■ AVAILABLE DATA

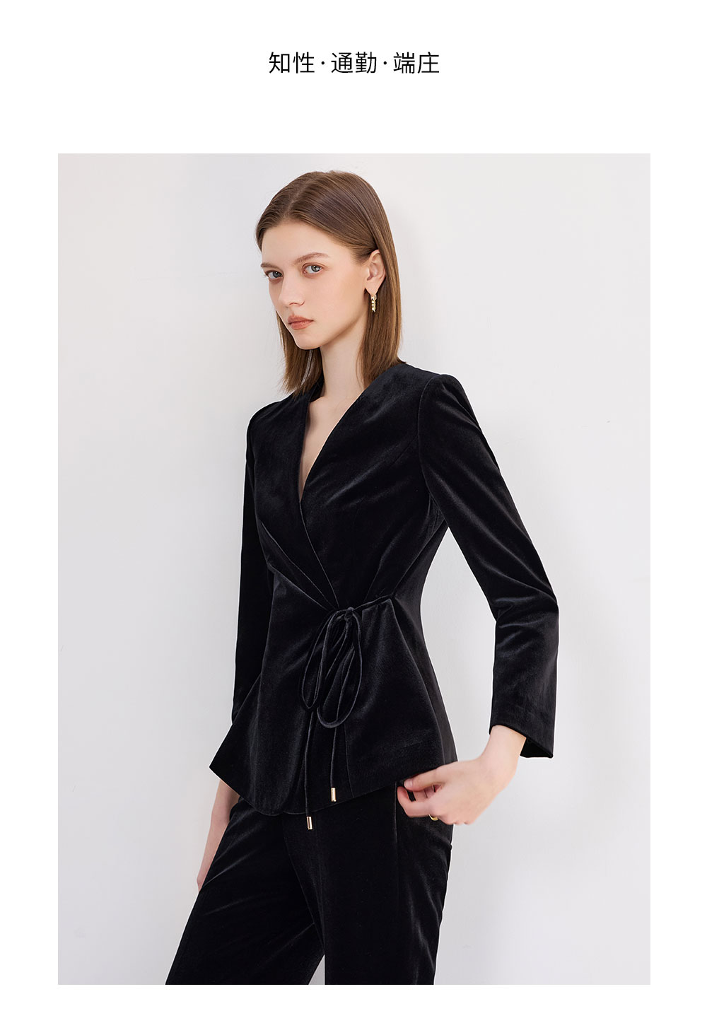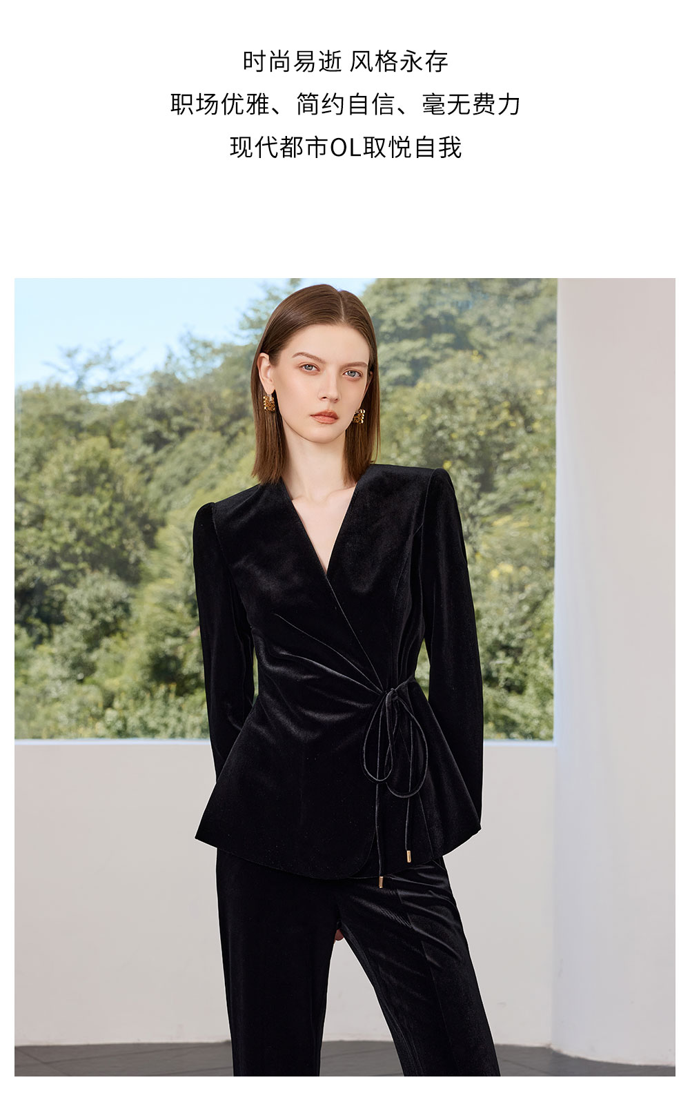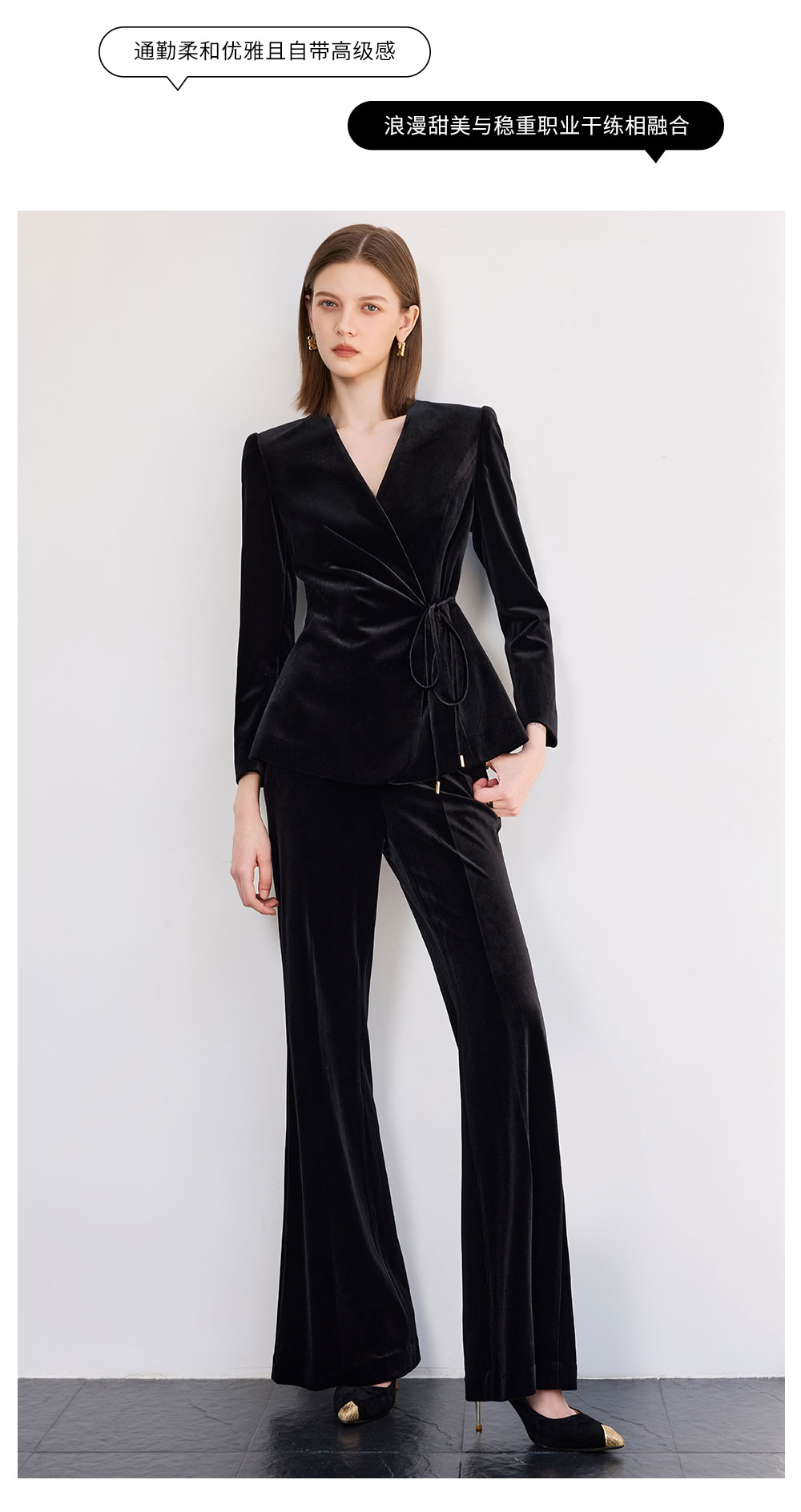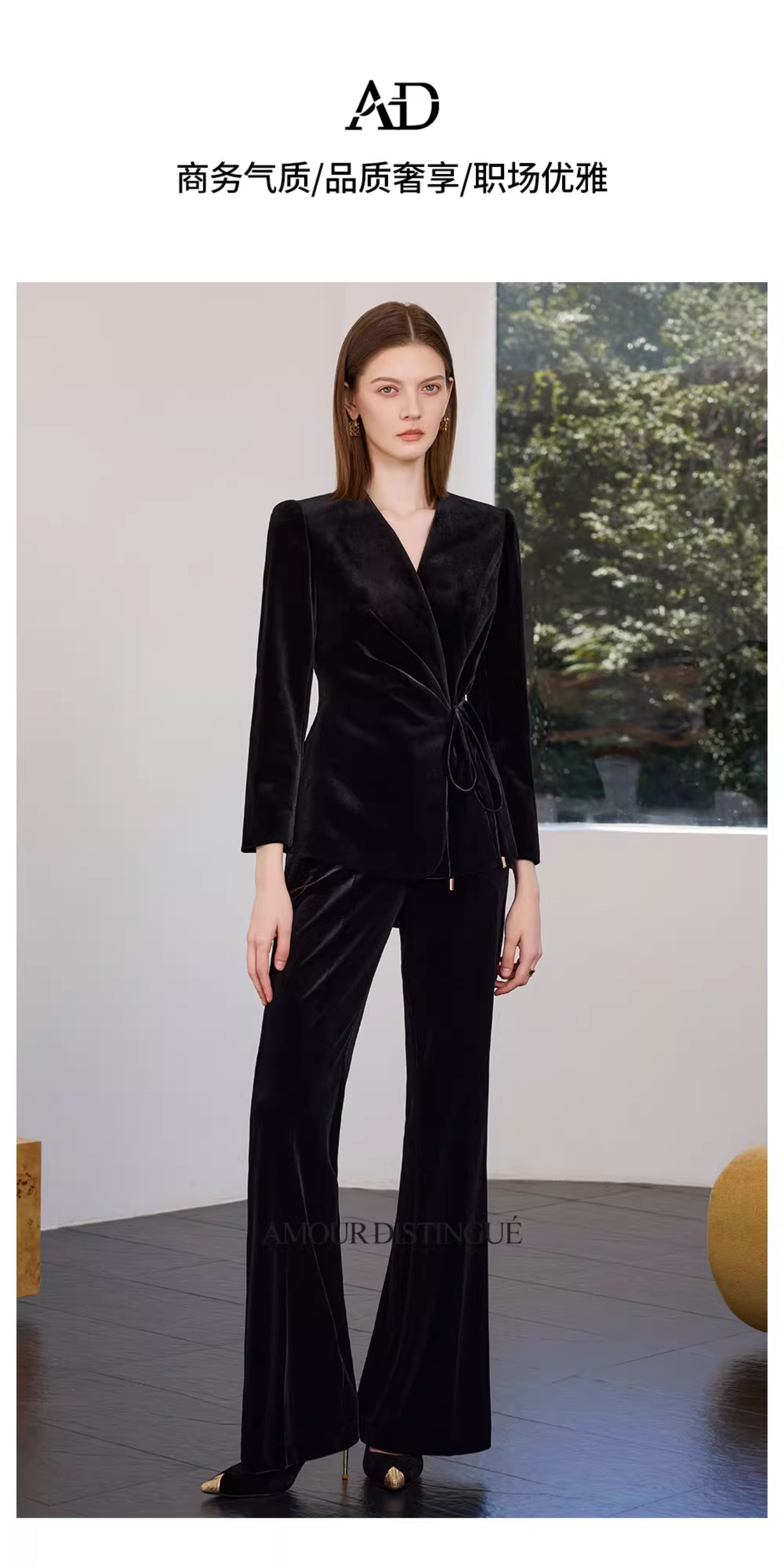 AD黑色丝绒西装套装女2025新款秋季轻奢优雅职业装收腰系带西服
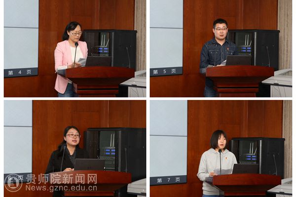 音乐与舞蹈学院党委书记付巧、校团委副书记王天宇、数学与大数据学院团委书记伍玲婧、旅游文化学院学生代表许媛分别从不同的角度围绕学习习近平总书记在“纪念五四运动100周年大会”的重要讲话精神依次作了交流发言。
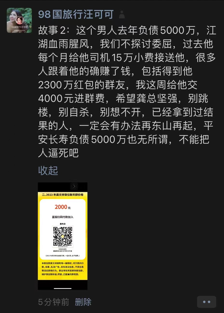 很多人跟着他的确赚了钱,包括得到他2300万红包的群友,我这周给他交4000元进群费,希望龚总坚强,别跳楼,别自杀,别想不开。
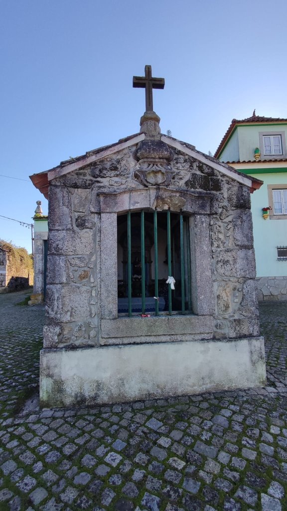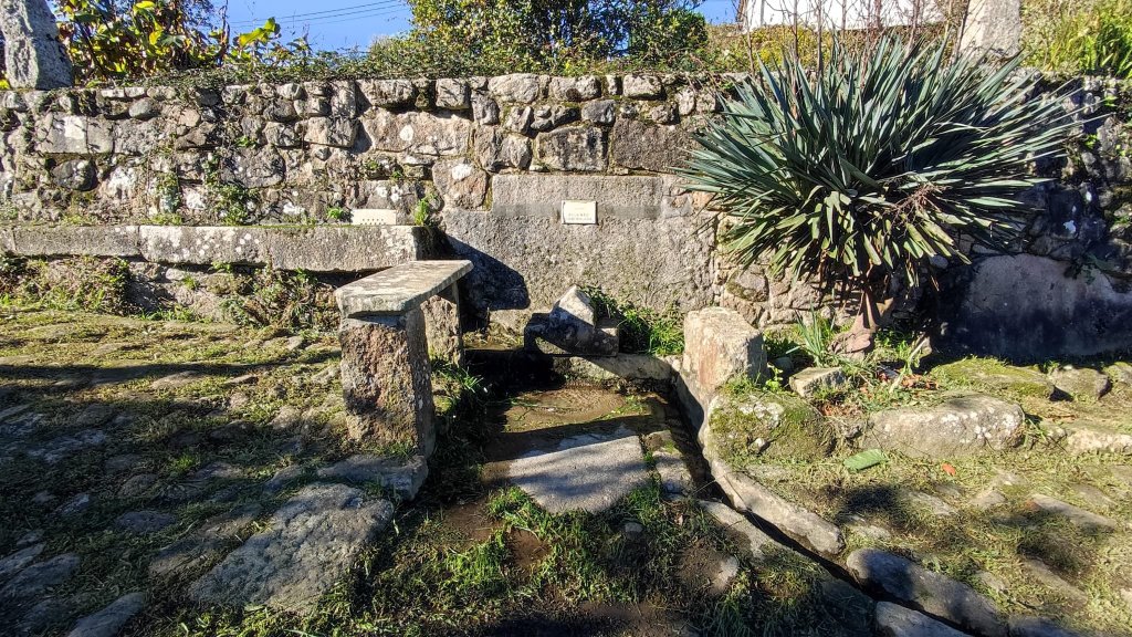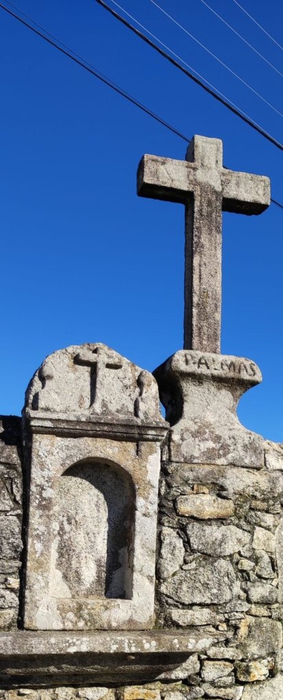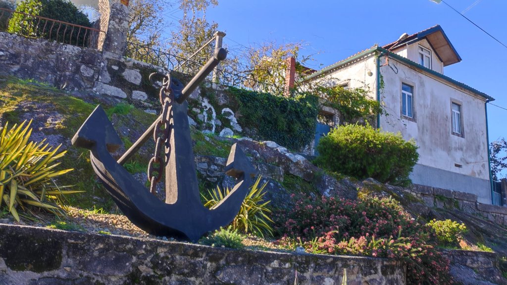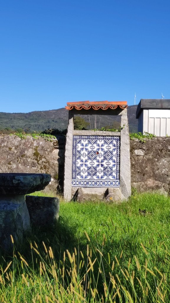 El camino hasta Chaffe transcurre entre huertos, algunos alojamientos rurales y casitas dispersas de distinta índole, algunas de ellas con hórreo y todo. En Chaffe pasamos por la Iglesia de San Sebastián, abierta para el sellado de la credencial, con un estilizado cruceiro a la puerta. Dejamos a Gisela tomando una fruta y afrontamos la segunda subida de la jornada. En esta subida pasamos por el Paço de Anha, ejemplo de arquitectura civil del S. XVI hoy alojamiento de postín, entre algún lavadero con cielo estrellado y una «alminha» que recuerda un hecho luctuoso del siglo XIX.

■ WORK TO BE COMPLETED
Could you repeat word for word only the lines from the one that contains "很多人跟着他的确赚了钱,包括" through the end of the listing, leaving out the pictures?

■ TASK SOLUTION
 很多人跟着他的确赚了钱,包括得到他2300万红包的群友,我这周给他交4000元进群费,希望龚总坚强,别跳楼,别自杀,别想不开。
 El camino hasta Chaffe transcurre entre huertos, algunos alojamientos rurales y casitas dispersas de distinta índole, algunas de ellas con hórreo y todo. En Chaffe pasamos por la Iglesia de San Sebastián, abierta para el sellado de la credencial, con un estilizado cruceiro a la puerta. Dejamos a Gisela tomando una fruta y afrontamos la segunda subida de la jornada. En esta subida pasamos por el Paço de Anha, ejemplo de arquitectura civil del S. XVI hoy alojamiento de postín, entre algún lavadero con cielo estrellado y una «alminha» que recuerda un hecho luctuoso del siglo XIX.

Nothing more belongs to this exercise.